**EXERCISE PROMPT**: The records that follow are to be transcribed in full, leaving out each picture.

● ● ● ● ●

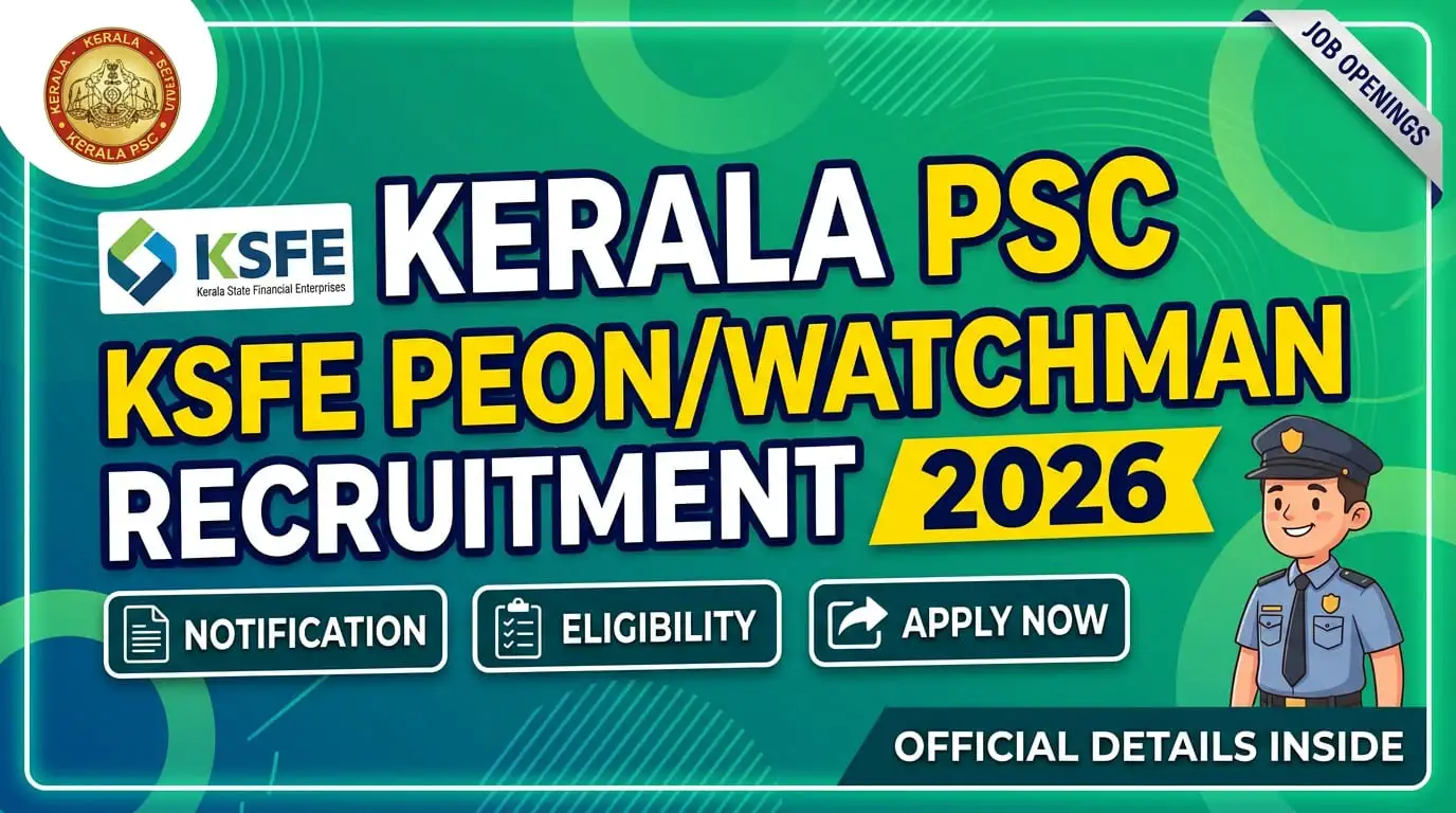 കേരള സ്റ്റേറ്റ് ഫിനാൻഷ്യൽ എൻ്റർപ്രൈസസ് ലിമിറ്റഡിൽ (KSFE Limited) പ്യൂൺ/വാച്ച്മാൻ (Peon/Watchman) തസ്തികയിലേക്ക് കേരള പബ്ലിക് സർവ്വീസ് കമ്മീഷൻ പുതിയ വിജ്ഞാപനം പുറത്തിറക്കി. കാറ്റഗറി നമ്പർ 05/2026 മുതൽ 12/2026 വരെയുള്ള ഈ രണ്ടാം എൻ.സി.എ (Second NCA) വിജ്ഞാപനപ്രകാരം നിർദ്ദിഷ്ട സംവരണ സമുദായങ്ങൾക്ക് മാത്രമാണ് അപേക്ഷിക്കാൻ അവസരമുള്ളത്. യോഗ്യരായ ഉദ്യോഗാർത്ഥികൾക്ക് 2026 ഏപ്രിൽ 1 വരെ പി.എസ്.സി തുളസി പ്രൊഫൈൽ വഴി അപേക്ഷ സമർപ്പിക്കാം.
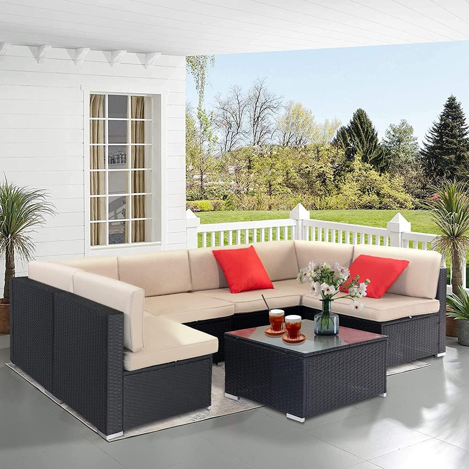 7-Piece Outdoor Patio Furniture Set with Wicker Rattan Sectional Sofa
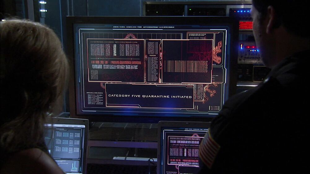 Plus tard, suite à la mise à jour du programme de quarantaine d'Atlantis, une violente tempête ionosphérique déclencha le verrouillage complet de la cité, isolant la majeure partie des membres de l'expédition. Alors que le docteur McKay se retrouva bloqué dans le laboratoire de botanique en compagnie de Katie Brown sans accès aux contrôles de la cité, le colonel Sheppard, isolé avec Teyla enceinte, décida d'escalader la tour centrale sur quatre étages jusqu'à la salle de contrôle en passant par l'extérieur. Néanmoins, son action fut perçue comme une rupture de quarantaine par la cité et déclencha un compte à rebours d'autodestruction. Néanmoins, le docteur Zelenka fut capable d'atteindre la salle des générateurs et de relancer les systèmes de la cité pour annuler l'autodestruction et la mise en quarantaine.
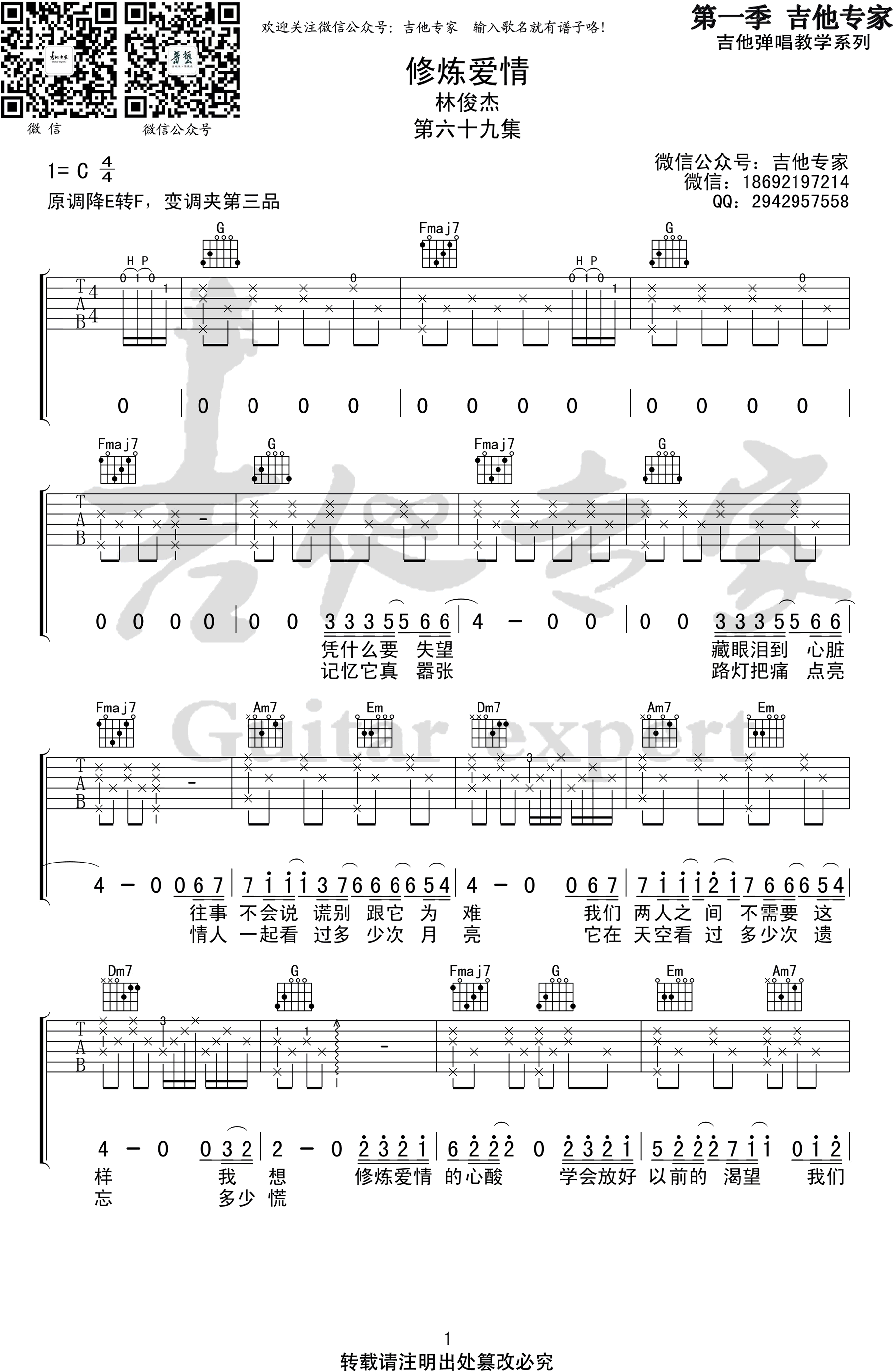 修炼爱情吉他谱,取自演唱的歌曲是经典C调指弹编配的曲谱,非常好听的弹唱曲谱,下面3张高清曲谱由吉曲谱网为大家更新分享,有喜欢吉它的朋友欢迎关注!
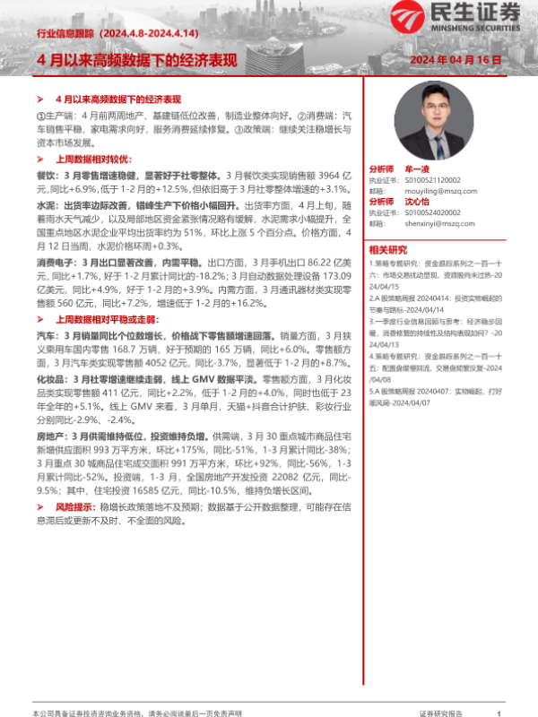 【民生证券】【20240416】4月以来高频数据下的经济表现-23页
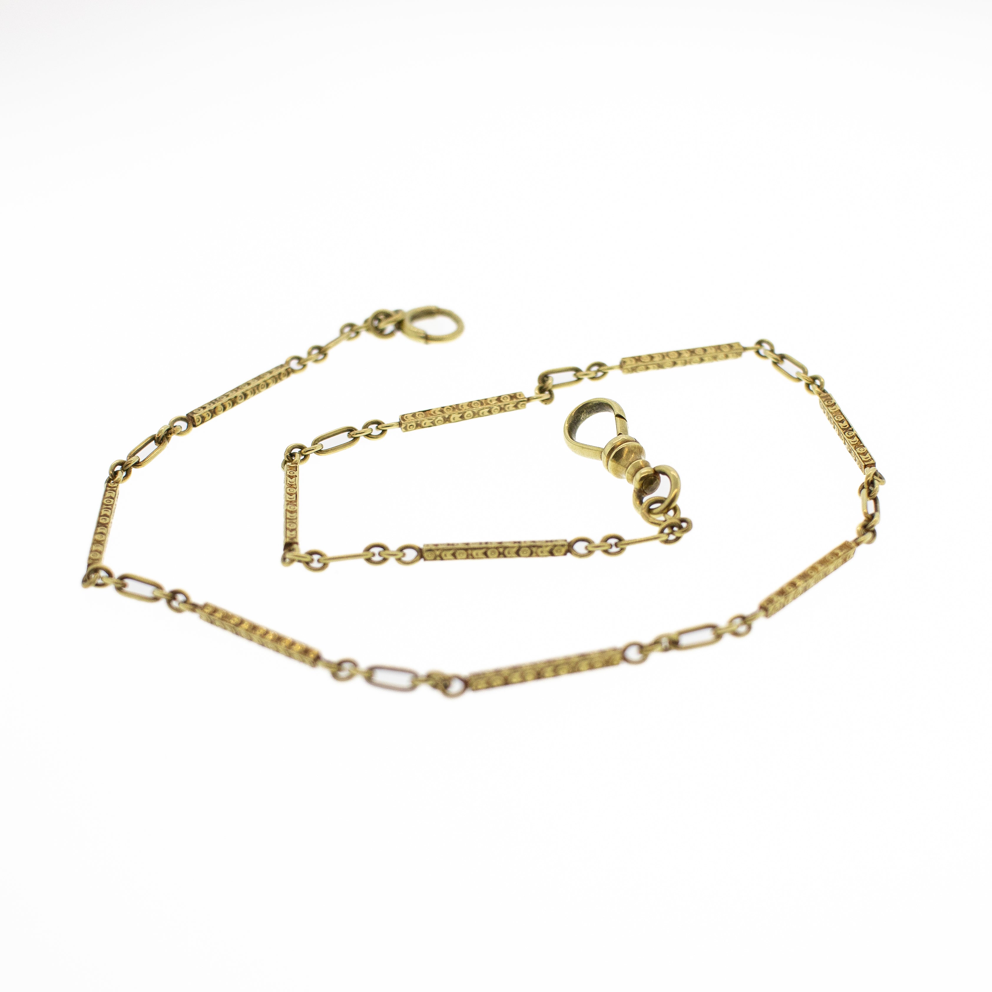 This exquisite 14K yellow gold pocket watch chain captures the elegance of the Victorian era with its intricately carved link details. Measuring 13.75 inches, it's perfectly proportioned for secure attachment and display. This piece combines authentic craftsmanship with timeless sophistication—ideal for collectors or those seeking a refined vintage accessory. Weighs 8.8 grams of 14 karat, yellow gold.

● ● ● ● ●

**WRITTEN SOLUTION**:
 കേരള സ്റ്റേറ്റ് ഫിനാൻഷ്യൽ എൻ്റർപ്രൈസസ് ലിമിറ്റഡിൽ (KSFE Limited) പ്യൂൺ/വാച്ച്മാൻ (Peon/Watchman) തസ്തികയിലേക്ക് കേരള പബ്ലിക് സർവ്വീസ് കമ്മീഷൻ പുതിയ വിജ്ഞാപനം പുറത്തിറക്കി. കാറ്റഗറി നമ്പർ 05/2026 മുതൽ 12/2026 വരെയുള്ള ഈ രണ്ടാം എൻ.സി.എ (Second NCA) വിജ്ഞാപനപ്രകാരം നിർദ്ദിഷ്ട സംവരണ സമുദായങ്ങൾക്ക് മാത്രമാണ് അപേക്ഷിക്കാൻ അവസരമുള്ളത്. യോഗ്യരായ ഉദ്യോഗാർത്ഥികൾക്ക് 2026 ഏപ്രിൽ 1 വരെ പി.എസ്.സി തുളസി പ്രൊഫൈൽ വഴി അപേക്ഷ സമർപ്പിക്കാം.
 7-Piece Outdoor Patio Furniture Set with Wicker Rattan Sectional Sofa
 Plus tard, suite à la mise à jour du programme de quarantaine d'Atlantis, une violente tempête ionosphérique déclencha le verrouillage complet de la cité, isolant la majeure partie des membres de l'expédition. Alors que le docteur McKay se retrouva bloqué dans le laboratoire de botanique en compagnie de Katie Brown sans accès aux contrôles de la cité, le colonel Sheppard, isolé avec Teyla enceinte, décida d'escalader la tour centrale sur quatre étages jusqu'à la salle de contrôle en passant par l'extérieur. Néanmoins, son action fut perçue comme une rupture de quarantaine par la cité et déclencha un compte à rebours d'autodestruction. Néanmoins, le docteur Zelenka fut capable d'atteindre la salle des générateurs et de relancer les systèmes de la cité pour annuler l'autodestruction et la mise en quarantaine.
 修炼爱情吉他谱,取自演唱的歌曲是经典C调指弹编配的曲谱,非常好听的弹唱曲谱,下面3张高清曲谱由吉曲谱网为大家更新分享,有喜欢吉它的朋友欢迎关注!
 【民生证券】【20240416】4月以来高频数据下的经济表现-23页
 This exquisite 14K yellow gold pocket watch chain captures the elegance of the Victorian era with its intricately carved link details. Measuring 13.75 inches, it's perfectly proportioned for secure attachment and display. This piece combines authentic craftsmanship with timeless sophistication—ideal for collectors or those seeking a refined vintage accessory. Weighs 8.8 grams of 14 karat, yellow gold.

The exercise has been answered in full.